→ **The task**: The lines to return run from the start of the material below through the line holding "Women's BOGS winter", both included; please give them back exactly, minus the pictures.
═══ Given data
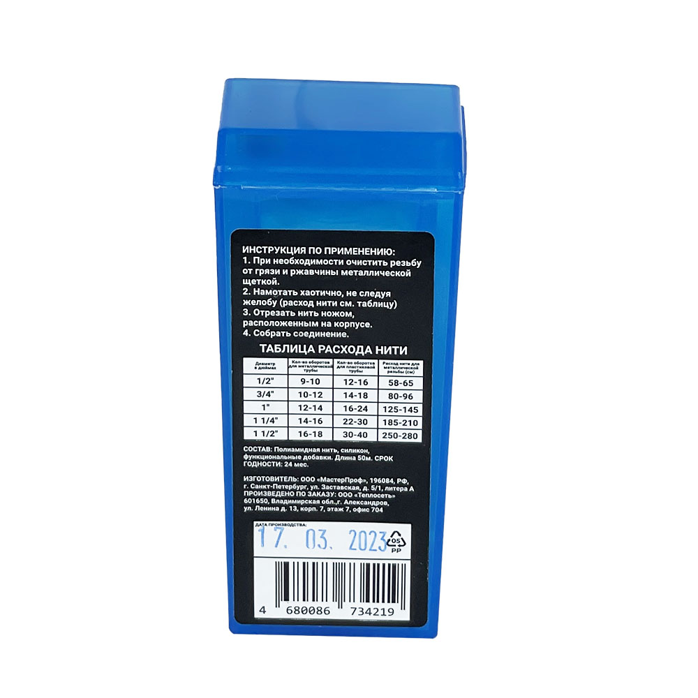 Уплотнительная нить может применяться для всех типов металлических и пластиковых фитингов и труб диаметром до 6 дюймов. Нить устойчива к воздействию температур до +130 градусов С и давления до 16 бар для воды и до 8 бар для газа.
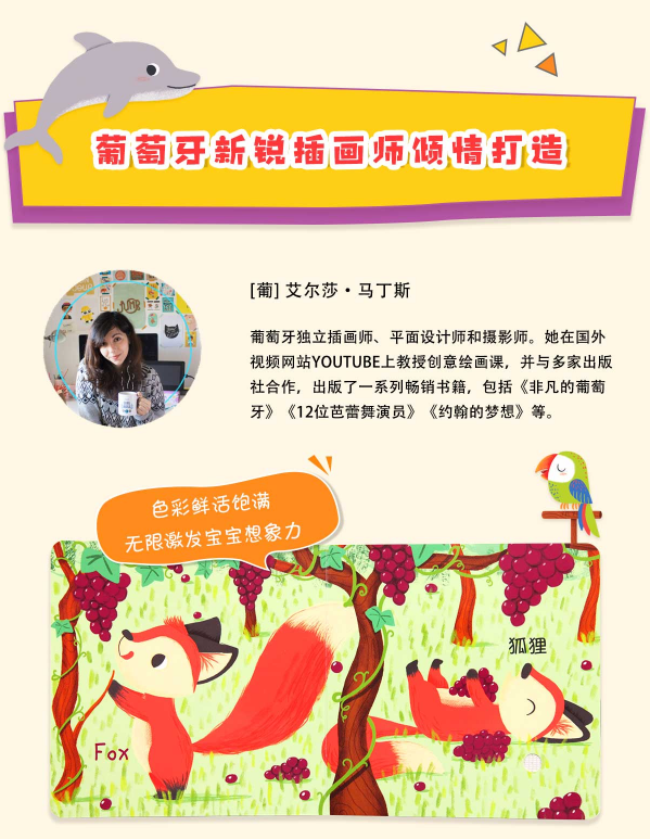 一、火爆全网的“听,什么声音?”系列全新升级之作 上市三年间,听,什么声音?系列风靡各大电商与母婴社群平台,收获万千宝爸宝妈的五星好评,已成为网红发声书。这为萌趣版的出版打下坚实基础。 二、24种动物的奇妙叫声,让宝宝足不出户逛遍动物园! 内容涵盖丛林动物、水生动物、鸟类以及宠物等四大方面,选取宝宝喜爱的24种萌萌动物,用小手轻按圆形按钮,即可聆听动物的真实叫声!视听结合,同步调动宝宝的视觉、听觉和触觉!带给宝宝接连不断的惊喜,爸爸妈妈直呼“哇哦”! 三、内容、音效、材质全面升级,宝宝玩得更过瘾! ● 所有声音均采集自然界真实的动物原声,蕴含着没有人为加工的原始韵律。经专业音效处理,音质明亮柔和,有立体感!宝宝耳育启蒙神奇利器! ● 发声器高低两档音控,满足多场景需求!高声档适合嘈杂户外,低声档适合安静室内。 ● 发声器与线路板部分首次采用新型EVA材质作为外壳,绿色环保又便携!0-2 岁宝宝可以轻松捧着读,外出携带也能减轻妈妈爸爸的负担啦! 四、玩“我来模仿你来猜”小游戏 寓教于乐! 分辨这些自然界*真实的原声,让宝宝找出特征,做细致的区分。不仅能双向增强模仿力、记忆力和辨识力,还让亲子共读变得和做游戏一样有趣: “喵~喵~喵~” 是谁的叫声?“喵~喵~喵~” 是小猫的叫声! “嘎~嘎~嘎~”是谁的叫声?“嘎~嘎~嘎~”是柯尔鸭的叫声! 五、中英双语 带宝宝认知24种动物英文单词 每种动物名称同步中英双语,宝宝在认知、辨别动物声音的同时,还能进行早期英语启蒙,为日后的英语学习打下基础! 六、葡萄牙新锐插画师倾情打造 [葡] 艾尔莎·马丁斯,葡萄牙独立插画师、平面设计师和摄影师。她在国外视频网站YOUTUBE上教授创意绘画课,并与多家出版社合作,出版了一系列畅销书籍,包括《非凡的葡萄牙》《12位芭蕾舞演员》《约翰的梦想》等。 七、绿色安全 全方位呵护宝宝健康! 全书采用进口可再生白卡纸,绿色大豆油墨印刷,健康环保。同时,书页全部为圆角处理,有效呵护宝宝稚嫩的小手,妈妈们可以放心啦!
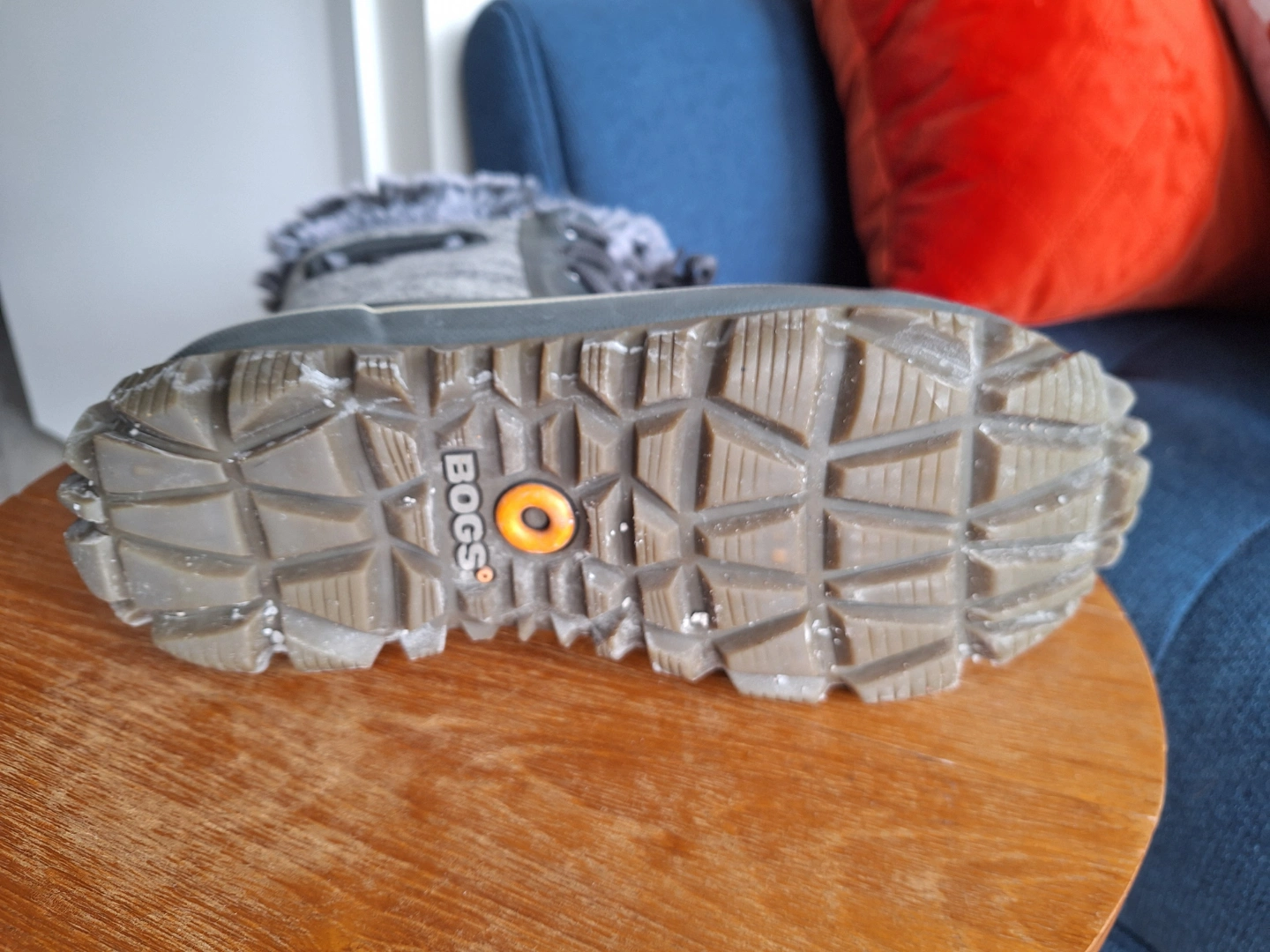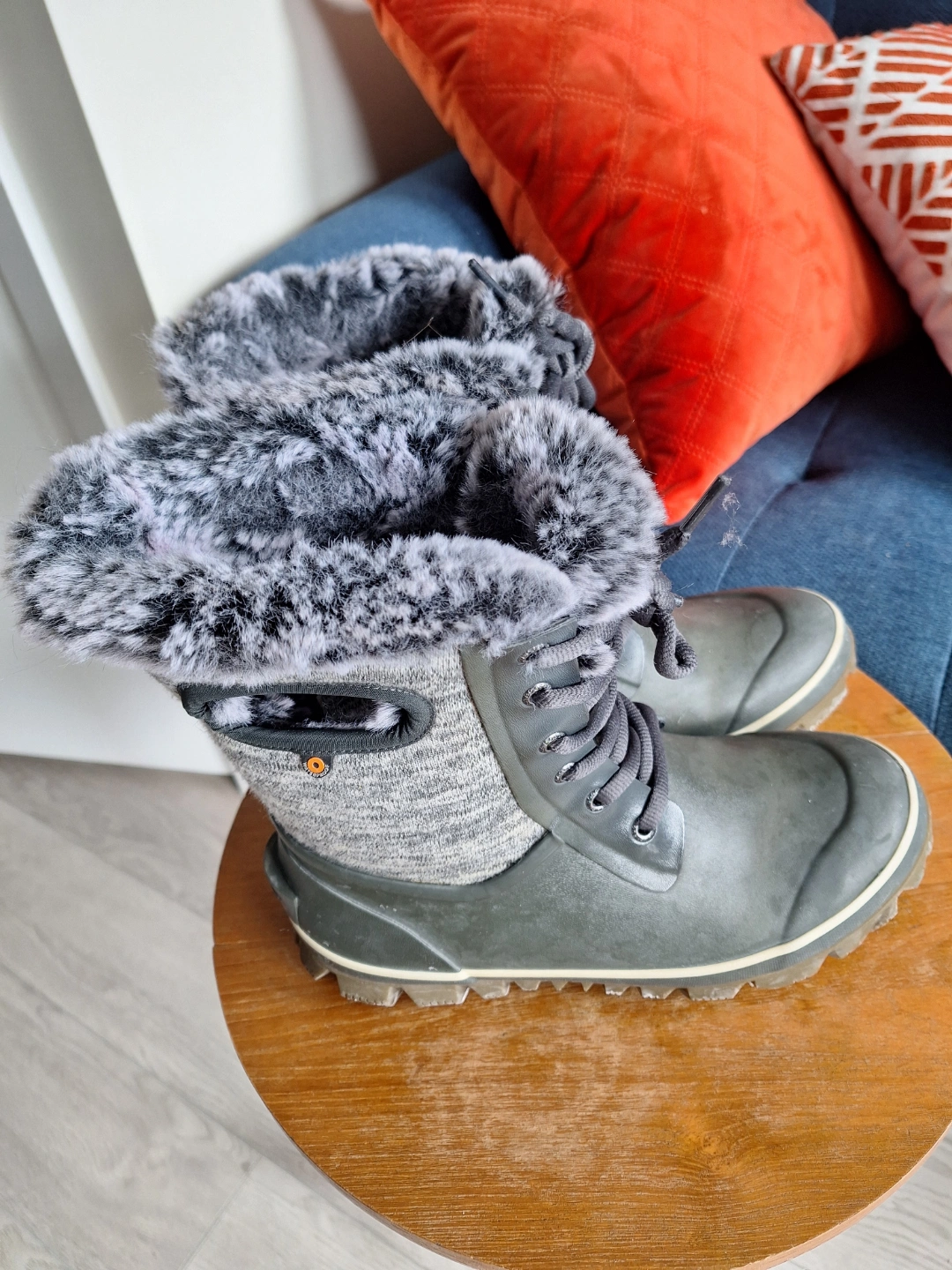 Women's BOGS winter arcata boots. Grey and black. Faux fur lining. Lace-up style. Good tread. Includes new Santigett insoles.
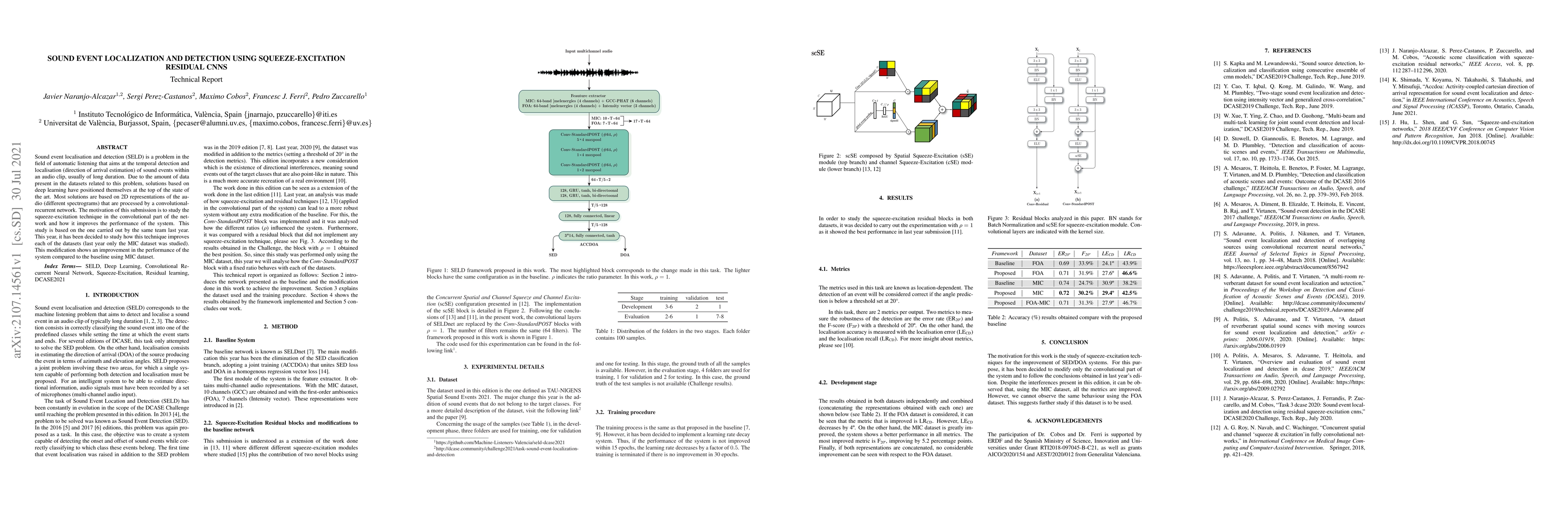 Sound event localisation and detection (SELD) is a problem in the field of automatic listening that aims at the temporal detection and localisation (direction of arrival estimation) of sound events within an audio clip, usually of long duration. Due to the amount of data present in the datasets related to this problem, solutions based on deep learning have positioned themselves at the top of the state of the art. Most solutions are based on 2D representations of the audio (different spectrograms) that are processed by a convolutional-recurrent network. The motivation of this submission is to study the squeeze-excitation technique in the convolutional part of the network and how it improves the performance of the system. This study is based on the one carried out by the same team last year. This year, it has been decided to study how this technique improves each of the datasets (last year only the MIC dataset was studied). This modification shows an improvement in the performance of the system compared to the baseline using MIC dataset.
══════
→ **Answer to the exercise**:
 Уплотнительная нить может применяться для всех типов металлических и пластиковых фитингов и труб диаметром до 6 дюймов. Нить устойчива к воздействию температур до +130 градусов С и давления до 16 бар для воды и до 8 бар для газа.
 一、火爆全网的“听,什么声音?”系列全新升级之作 上市三年间,听,什么声音?系列风靡各大电商与母婴社群平台,收获万千宝爸宝妈的五星好评,已成为网红发声书。这为萌趣版的出版打下坚实基础。 二、24种动物的奇妙叫声,让宝宝足不出户逛遍动物园! 内容涵盖丛林动物、水生动物、鸟类以及宠物等四大方面,选取宝宝喜爱的24种萌萌动物,用小手轻按圆形按钮,即可聆听动物的真实叫声!视听结合,同步调动宝宝的视觉、听觉和触觉!带给宝宝接连不断的惊喜,爸爸妈妈直呼“哇哦”! 三、内容、音效、材质全面升级,宝宝玩得更过瘾! ● 所有声音均采集自然界真实的动物原声,蕴含着没有人为加工的原始韵律。经专业音效处理,音质明亮柔和,有立体感!宝宝耳育启蒙神奇利器! ● 发声器高低两档音控,满足多场景需求!高声档适合嘈杂户外,低声档适合安静室内。 ● 发声器与线路板部分首次采用新型EVA材质作为外壳,绿色环保又便携!0-2 岁宝宝可以轻松捧着读,外出携带也能减轻妈妈爸爸的负担啦! 四、玩“我来模仿你来猜”小游戏 寓教于乐! 分辨这些自然界*真实的原声,让宝宝找出特征,做细致的区分。不仅能双向增强模仿力、记忆力和辨识力,还让亲子共读变得和做游戏一样有趣: “喵~喵~喵~” 是谁的叫声?“喵~喵~喵~” 是小猫的叫声! “嘎~嘎~嘎~”是谁的叫声?“嘎~嘎~嘎~”是柯尔鸭的叫声! 五、中英双语 带宝宝认知24种动物英文单词 每种动物名称同步中英双语,宝宝在认知、辨别动物声音的同时,还能进行早期英语启蒙,为日后的英语学习打下基础! 六、葡萄牙新锐插画师倾情打造 [葡] 艾尔莎·马丁斯,葡萄牙独立插画师、平面设计师和摄影师。她在国外视频网站YOUTUBE上教授创意绘画课,并与多家出版社合作,出版了一系列畅销书籍,包括《非凡的葡萄牙》《12位芭蕾舞演员》《约翰的梦想》等。 七、绿色安全 全方位呵护宝宝健康! 全书采用进口可再生白卡纸,绿色大豆油墨印刷,健康环保。同时,书页全部为圆角处理,有效呵护宝宝稚嫩的小手,妈妈们可以放心啦!
 Women's BOGS winter arcata boots. Grey and black. Faux fur lining. Lace-up style. Good tread. Includes new Santigett insoles.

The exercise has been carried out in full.